Input data:
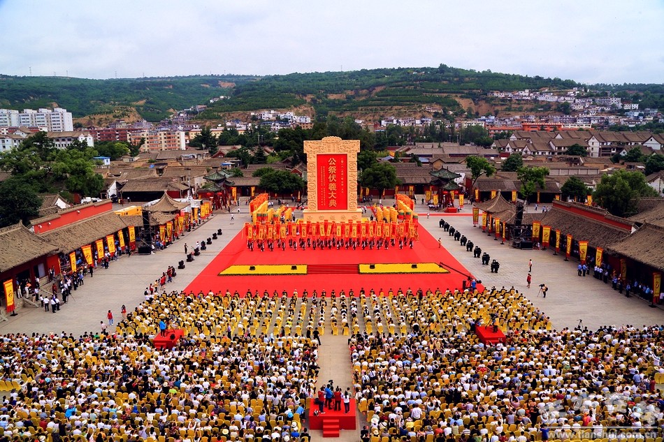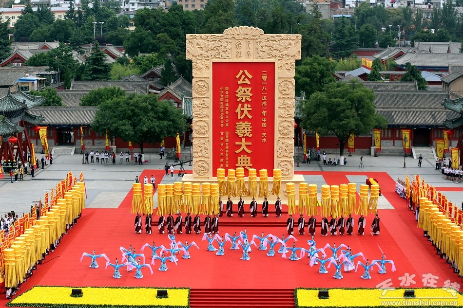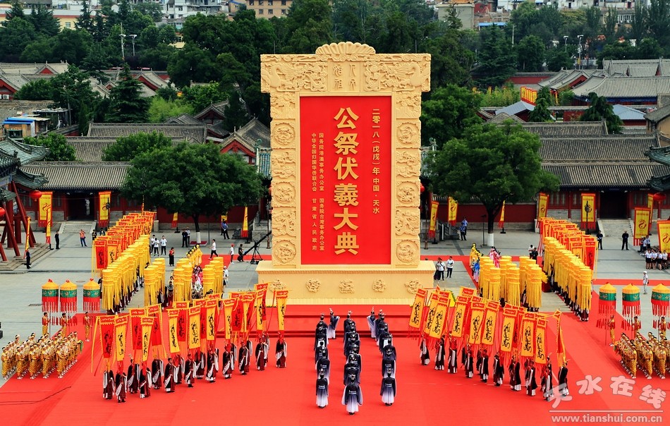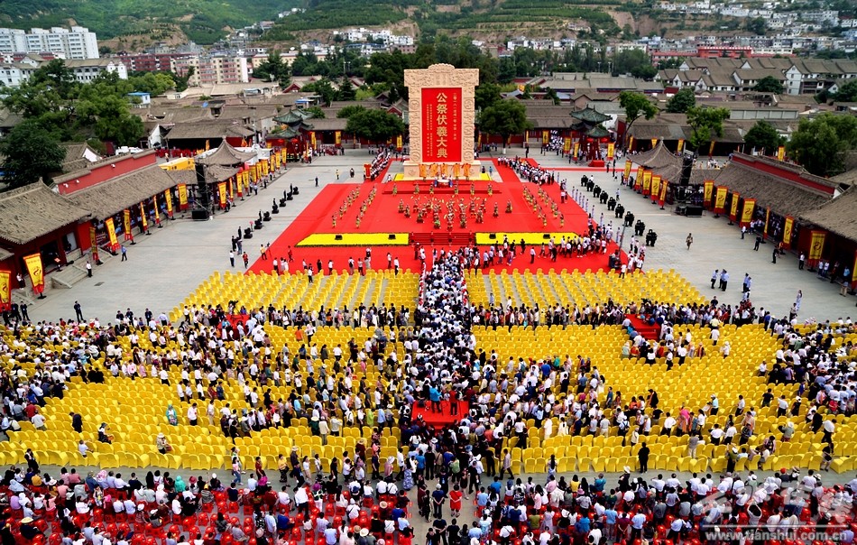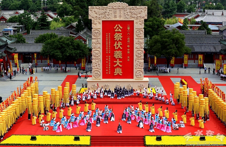 伏羲是中華各民族共同敬仰的人文始祖,位居“三皇之首”、“百王之先”。天水是伏羲的誕生地和伏羲文化的發(fā)祥地,公祭伏羲由來(lái)已久,相沿成習(xí)。據(jù)《史記》等記載,早在春秋時(shí)期就在渭水流域用三牢之禮祭祀伏羲,到了明朝形成了定制。1988年市政府在挖掘歷史文化遺產(chǎn)的基礎(chǔ)上,恢復(fù)了歷史上的公祭伏羲典禮。2005年升格由甘肅省人民政府祭祀,至今已成功舉辦了28屆。經(jīng)過(guò)30年的努力,太昊伏羲祭典列入國(guó)家級(jí)首批非物質(zhì)文化遺產(chǎn)目錄,相繼被國(guó)家有關(guān)機(jī)構(gòu)授予“中國(guó)最具發(fā)展?jié)摿κ蠊?jié)慶”和“最具國(guó)際影響力”節(jié)慶活動(dòng),天水也被評(píng)為“最具魅力節(jié)慶城市”。
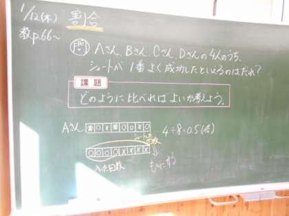 5年生は算数科で、もとになる量と比べられる量を明らかにしながら割合を考える学習に取り組みました。
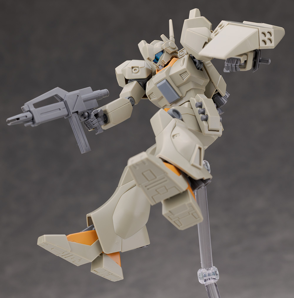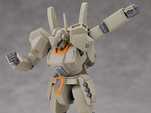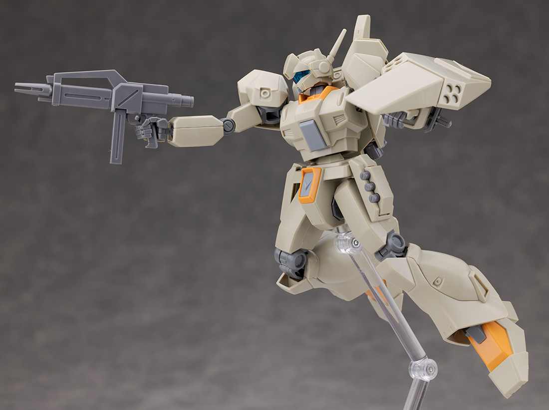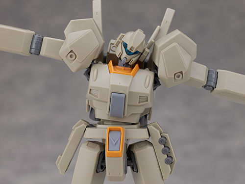 装甲の形状が一部変わりましたがシルエットが大きく変わった訳ではなく他のノーマルジェガンなどと同じ可動範囲が確保されています。
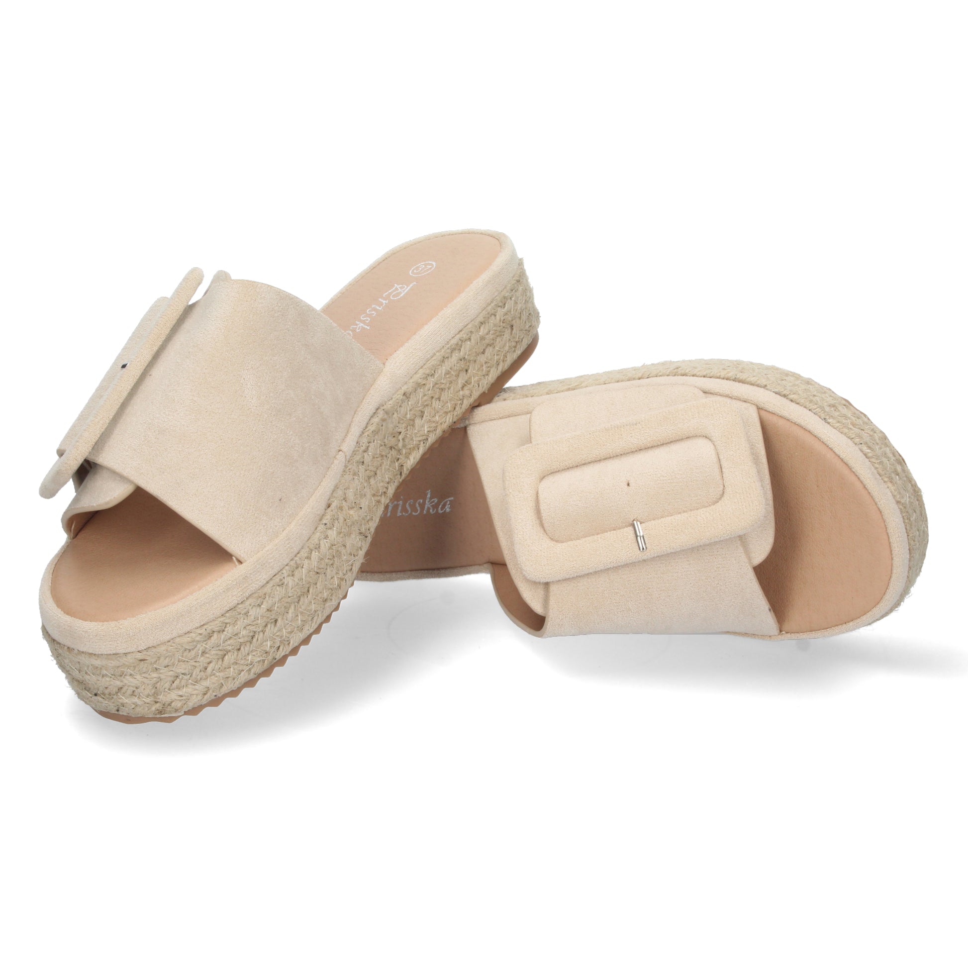 Sandalia de Plataforma para Mujer Comoda Forrada de Yute Pala Ancha con Hebilla y Talon Abierto
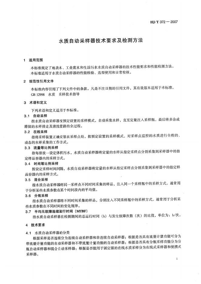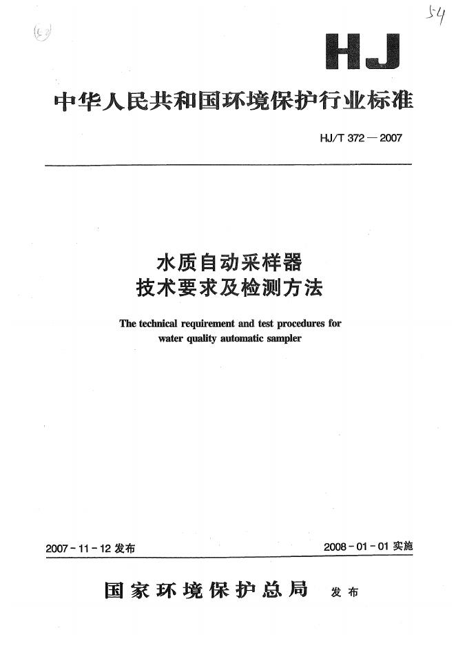 HJ/T 372-2007 水质自动采样器技术要求及检测方法
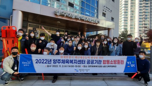 ¾çÁÖµµ½Ã°ø»ç(»çÀå ÀÌÈï±Ô) ¾çÁÖüÀ°º¹Áö¼¾ÅÍ¿¡¼ °ø°ø½Ã¼³ Àç³¾ÈÀü ´ëÀÀ´É·Â Çâ»óÀ» À§ÇØ '¾çÁÖüÀ°º¹Áö¼¾ÅÍ °ø°ø±â°ü ÇÕµ¿¼Ò¹æÈÆ·Ã'À» Áö³ 11¿ù 2ÀÏ ½Ç½ÃÇÏ¿´´Ù.
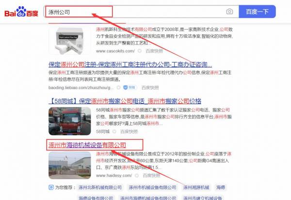 涿州市海*機械設(shè)備有限公司網(wǎng)站優(yōu)化排名效果展示
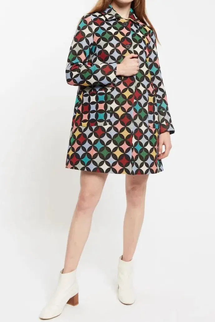 The Dryden is a retro styled, versatile A-line coat featuring a button fastening and patch pockets. Reimagined in an intricate woven jacquard fabric with a circle design inspired by the 60's. A statement piece that will level-up any outfit!. 40%COTTON / 60% POLYESTER JACQUARD. Dry Clean Only.. Model wears size 8, 5ft7/ 170cm
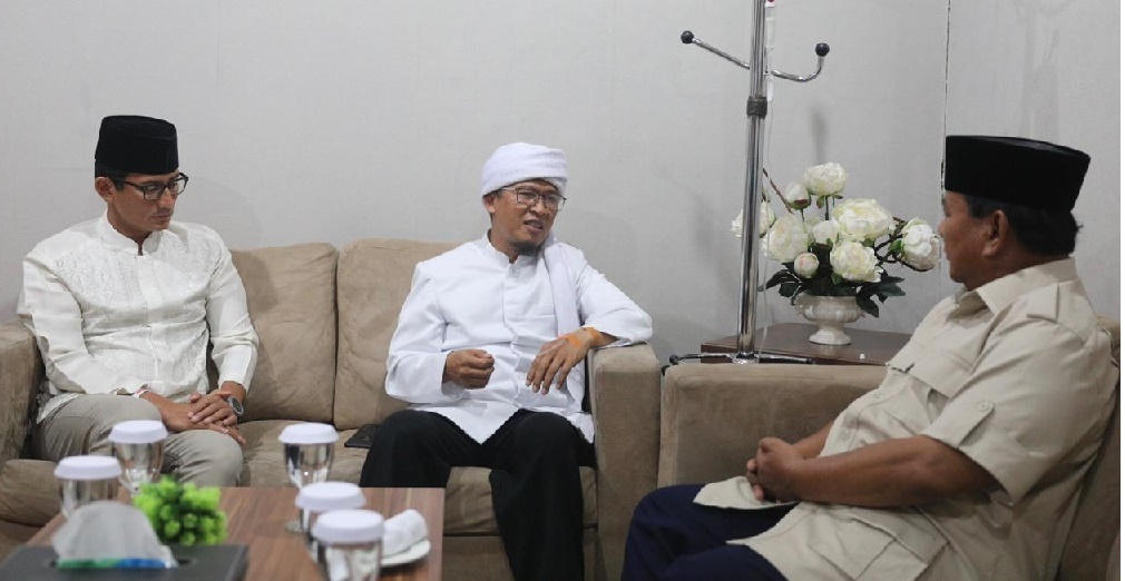 Wartapilihan.com, Jakarta —Calon Presiden dan Calon Wakil Presiden nomor urut 02, Prabowo Subianto dan Sandiaga Salahuddin Uno bertemu Pimpinan Pondok Pesantren Daarut Tauhid Abdullah Gymnastics atau yang akrab disapa Aa Gym sebelum memulai debat sesi terakhir pada malam nanti.
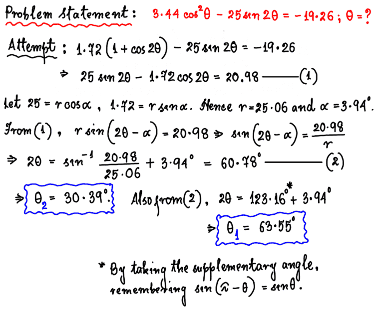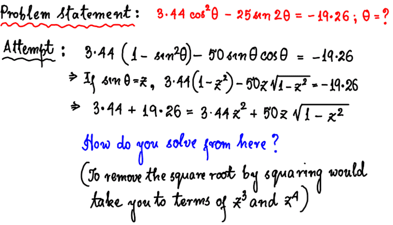 The forum discussion centers on solving the trigonometric equation ##3.44\cos^2\theta-25\sin 2\theta=-19.62##. Participants suggest various methods, including substituting ##\sin^2{\theta}=1-\cos^2{\theta}## and using the identity ##\sin(2\theta)=2\sin{\theta}\cos{\theta}##. The final solutions presented are ##\theta_1 = 62.7^{\circ}## and ##\theta_2 = 31^{\circ}##, with the possibility of adding multiples of ##180^{\circ}## to these angles. The discussion emphasizes the importance of algebraic manipulation and the use of trigonometric identities in solving such equations.
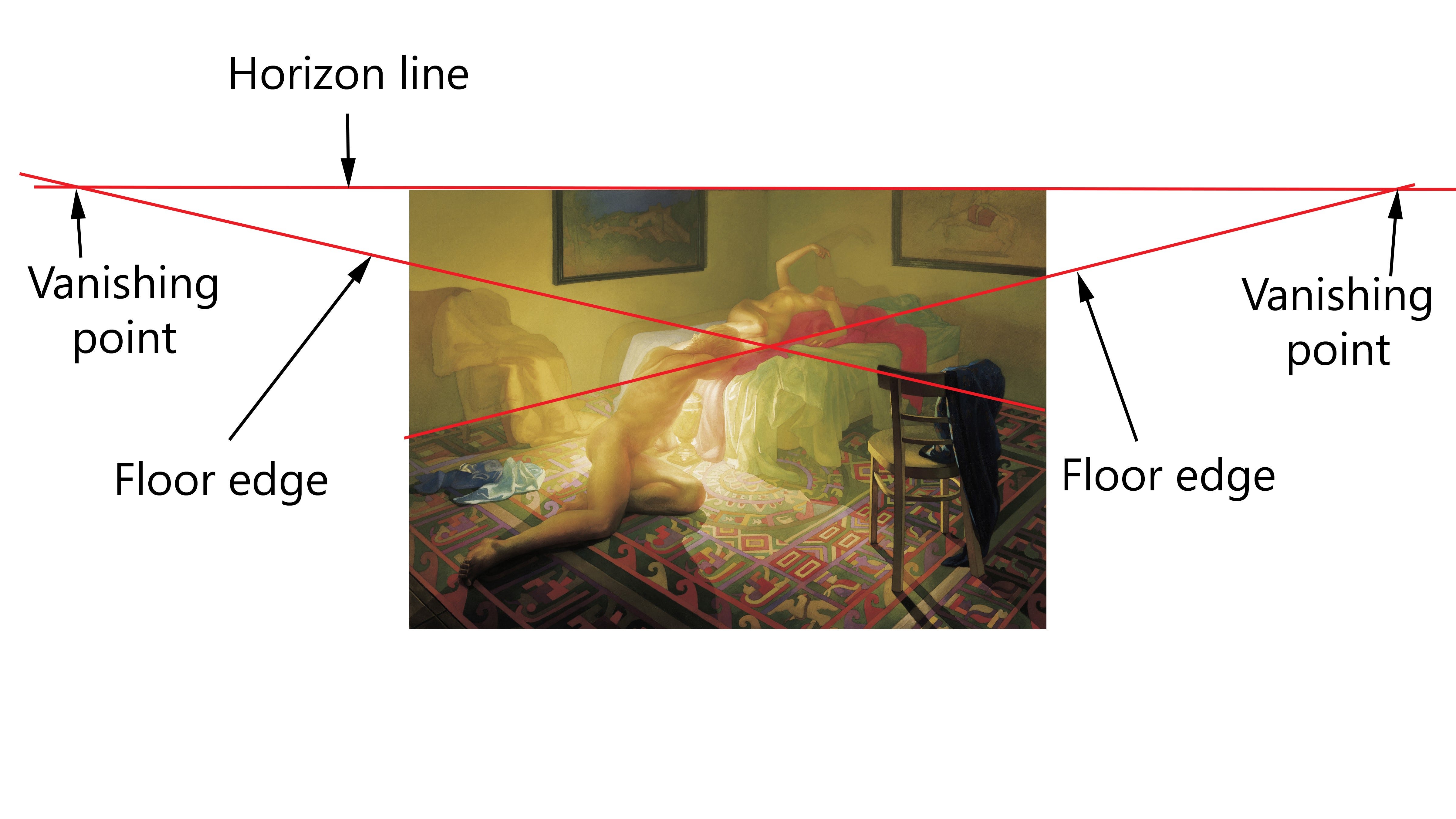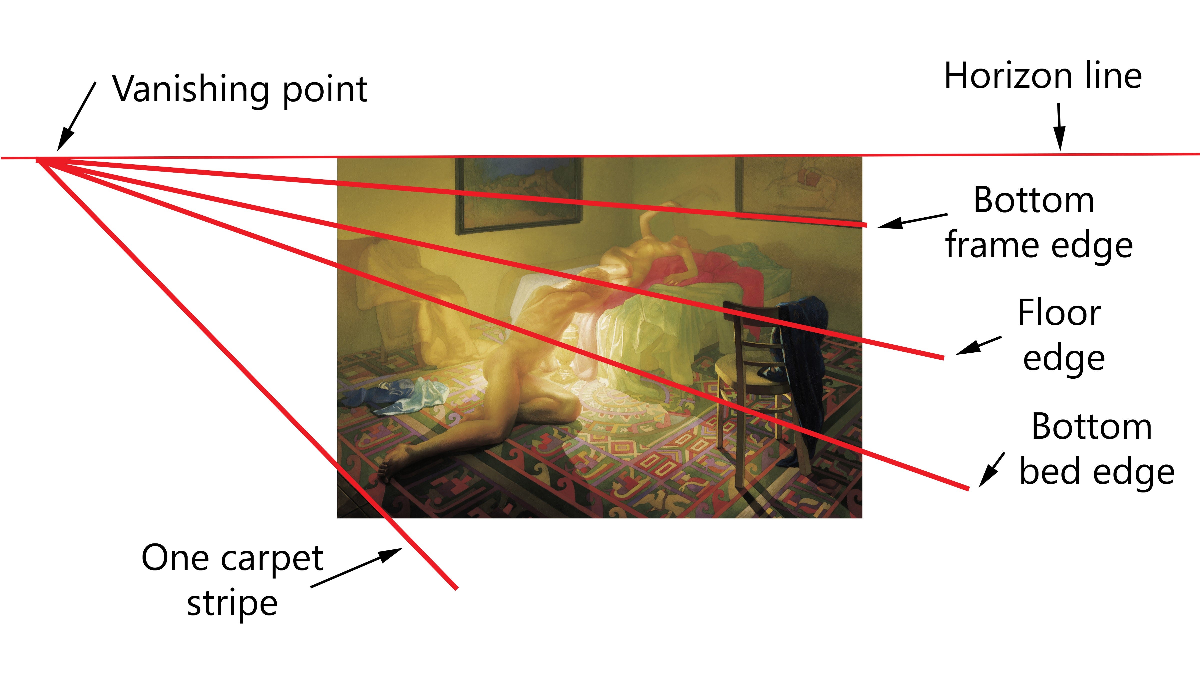The bed’s edges, the carpet’s stripes, the floor’s edges, and the bottoms of the frames all share one of the two vanishing points.

Task requirements: In the listing above, find the line containing "11¿ù 2ÀÏ ½Ç½ÃÇÏ¿´´Ù." and the line containing "涿州市海*機械設(shè)備有限公司網(wǎng)站優(yōu)化排名效果展示", then return both of them and every line between, exactly, without pictures.

Output for this exercise:
 ¾çÁÖµµ½Ã°ø»ç(»çÀå ÀÌÈï±Ô) ¾çÁÖüÀ°º¹Áö¼¾ÅÍ¿¡¼ °ø°ø½Ã¼³ Àç³¾ÈÀü ´ëÀÀ´É·Â Çâ»óÀ» À§ÇØ '¾çÁÖüÀ°º¹Áö¼¾ÅÍ °ø°ø±â°ü ÇÕµ¿¼Ò¹æÈÆ·Ã'À» Áö³ 11¿ù 2ÀÏ ½Ç½ÃÇÏ¿´´Ù.
 涿州市海*機械設(shè)備有限公司網(wǎng)站優(yōu)化排名效果展示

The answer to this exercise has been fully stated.